§ What you have to do: Locate "Ta vrtna garnitura" in the records below, then copy its line and every following line exactly, without the pictures.

§ The input:
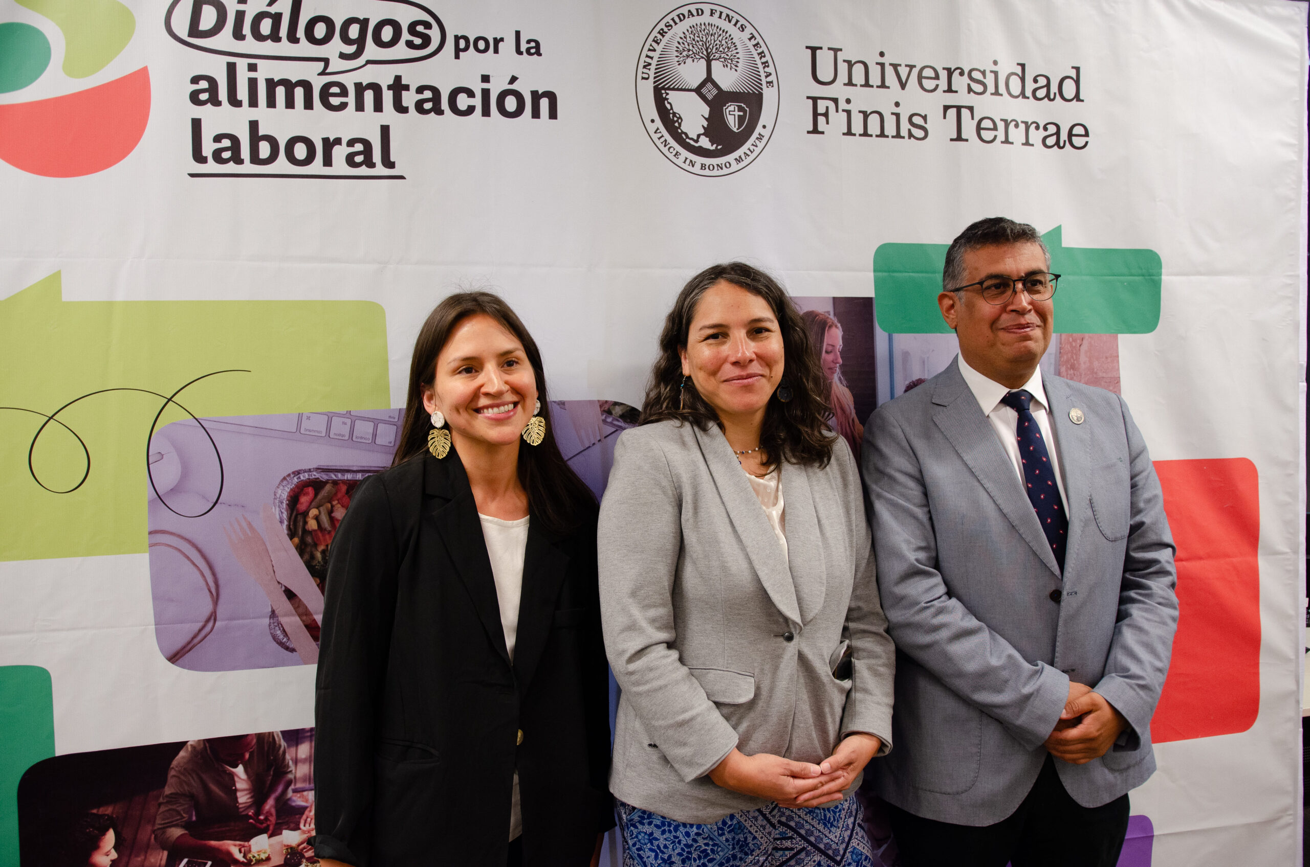 - De izquierda a derecha: María Francesca Conti, nutricionista coordinadora Mesa “Diálogos por la alimentación laboral”, U. Finis Terrae; Camila Silva, Jefa división de Políticas Públicas, Ministerio de Salud; Oscar Castillo, director Escuela de Nutrición y Dietética U. Finis Terrae.
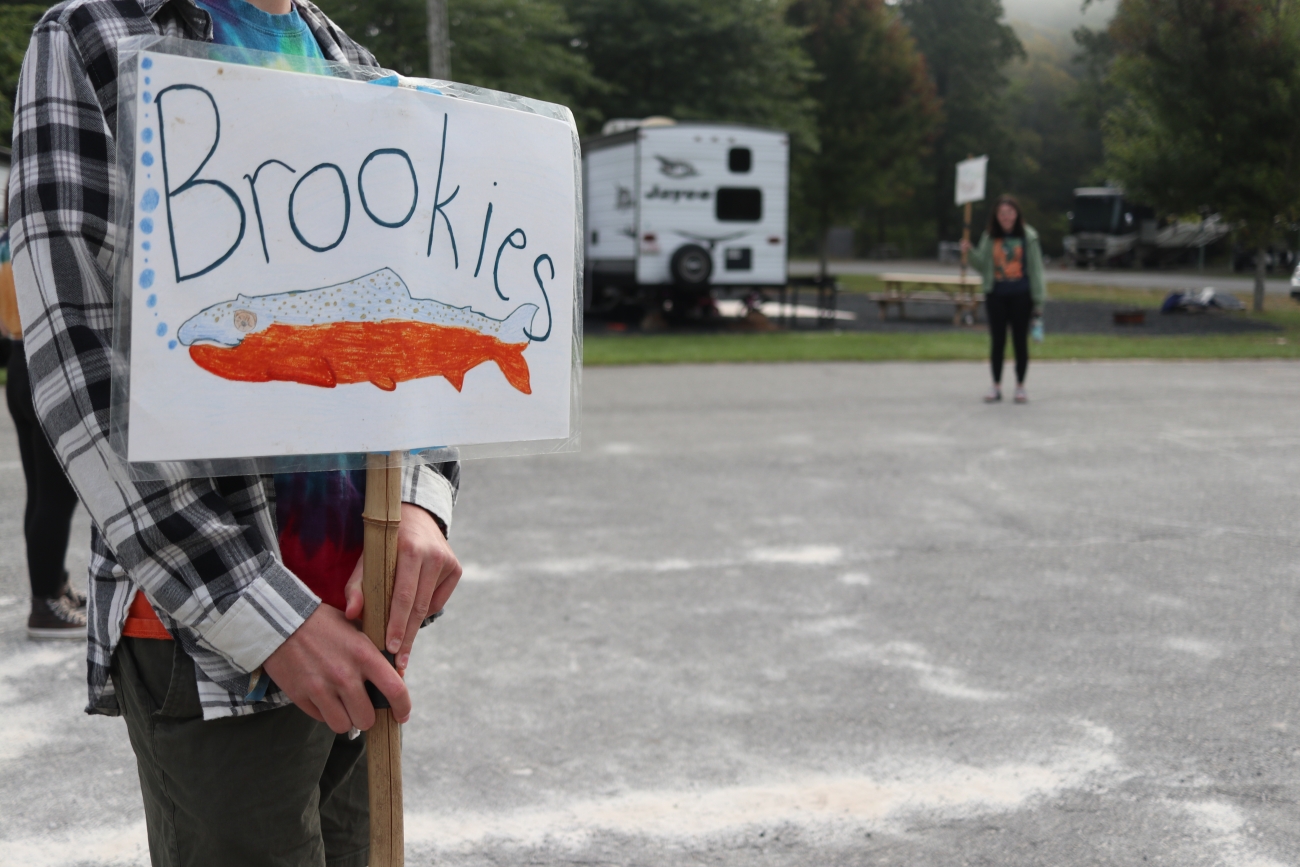 High school students in Yancey County, N.C. wait for elementary-school students to arrive so they can lead them through the Toes in the Toe education stations.
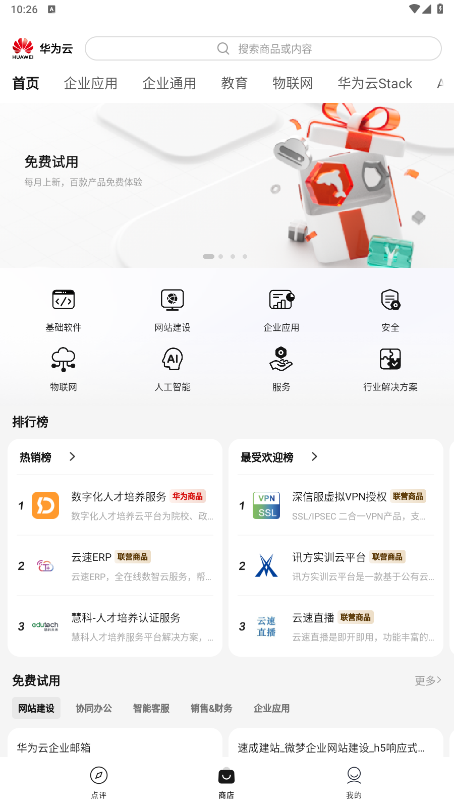提供SaaS、License、硬件、镜像、人工服务、API、容器、资产、应用安排等交付方式的商品,涵盖基础软件、网站建设、企业应用、安全、物联网、人工智能、服务、行业解决方案等大类,满足用户多元化的云接入需求。
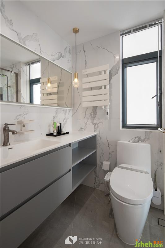 刪繁就簡,簡潔的空間基調(diào)就足夠出彩。寬闊的洗手臺、臺下盆設(shè)計、電熱毛巾架、隱藏式地漏… 細節(jié)設(shè)計充分考慮生活的便利性,更好的兼顧了實用性和美觀性。室內(nèi)設(shè)計師
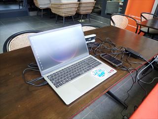 半屋外みたいなスペースは人が少なかったので、こちらで作業を行うことにした。室内は少し寒かったので、むしろこちらの方が快適。
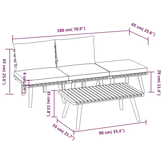 Ta vrtna garnitura je odlična izbira za sproščanje in uživanje v lepem vremenu, za dremanje ali klepetanje z družino ali prijatelji. Lesena sedežna garnitura z brezčasno obliko iz letvic dodaja pridih rustikalnega čara vaši verandi, terasi ali vrtu. Ta komplet zunanjega pohištva iz trdnega akacijevega lesa je vremensko odporen in zelo trpežen. V kombinaciji z debelo podloženimi blazinami ta sedežna garnitura za teraso zagotavlja najvišjo raven udobja. Kombinirate jo lahko tudi z drugimi modularnimi segmenti in tako ustvarite svojo lastno sedežno garnituro! Opomba: Da bi podaljšali življenjsko dobo vašega zunanjega pohištva, vam priporočamo, da ga zaščitite z vodoodporno prevleko.Barva blazine: Temno siva, belaMaterial: Trden akacijev les, blago (100 % poliester)Dimenzije stolčka za noge: 60 x 60 x 29 cm (Š x G x V)Dimenzije mizice: 90 x 55 x 35 cm (Š x G x V)Dimenzije blazine za sedež: 54 x 58,5 x 6 cm (Š x G x D)Dimenzije hrbtne blazine: 40 x 40 x 10 cm (Š x G x D)Sredinski kavč:Dimenzije sredinskega kavča: 60 x 65 x 65 cm (Š x G x V)Globina sedeža: 60 cmVišina sedeža (brez blazine): 29 cmVišina sedeža (vključno z blazino): 35 cmPotrebno sestavljanje: DaPaket vsebuje:2 x Sredinski kavč1 x Stolček za noge1 x Miza3 x Blazina za sedež2 x Blazina za hrbet
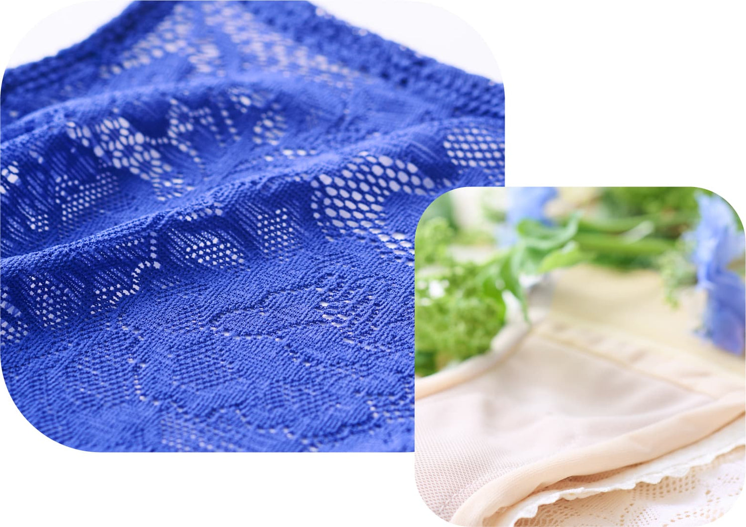 美しく魅せるパターンと伸縮性のあるレース素材で、風を纏うような着ごこちに。軽やかでソフトな肌触りは、デリケートなお肌への負担を軽減します。

§ Output below:
 Ta vrtna garnitura je odlična izbira za sproščanje in uživanje v lepem vremenu, za dremanje ali klepetanje z družino ali prijatelji. Lesena sedežna garnitura z brezčasno obliko iz letvic dodaja pridih rustikalnega čara vaši verandi, terasi ali vrtu. Ta komplet zunanjega pohištva iz trdnega akacijevega lesa je vremensko odporen in zelo trpežen. V kombinaciji z debelo podloženimi blazinami ta sedežna garnitura za teraso zagotavlja najvišjo raven udobja. Kombinirate jo lahko tudi z drugimi modularnimi segmenti in tako ustvarite svojo lastno sedežno garnituro! Opomba: Da bi podaljšali življenjsko dobo vašega zunanjega pohištva, vam priporočamo, da ga zaščitite z vodoodporno prevleko.Barva blazine: Temno siva, belaMaterial: Trden akacijev les, blago (100 % poliester)Dimenzije stolčka za noge: 60 x 60 x 29 cm (Š x G x V)Dimenzije mizice: 90 x 55 x 35 cm (Š x G x V)Dimenzije blazine za sedež: 54 x 58,5 x 6 cm (Š x G x D)Dimenzije hrbtne blazine: 40 x 40 x 10 cm (Š x G x D)Sredinski kavč:Dimenzije sredinskega kavča: 60 x 65 x 65 cm (Š x G x V)Globina sedeža: 60 cmVišina sedeža (brez blazine): 29 cmVišina sedeža (vključno z blazino): 35 cmPotrebno sestavljanje: DaPaket vsebuje:2 x Sredinski kavč1 x Stolček za noge1 x Miza3 x Blazina za sedež2 x Blazina za hrbet
 美しく魅せるパターンと伸縮性のあるレース素材で、風を纏うような着ごこちに。軽やかでソフトな肌触りは、デリケートなお肌への負担を軽減します。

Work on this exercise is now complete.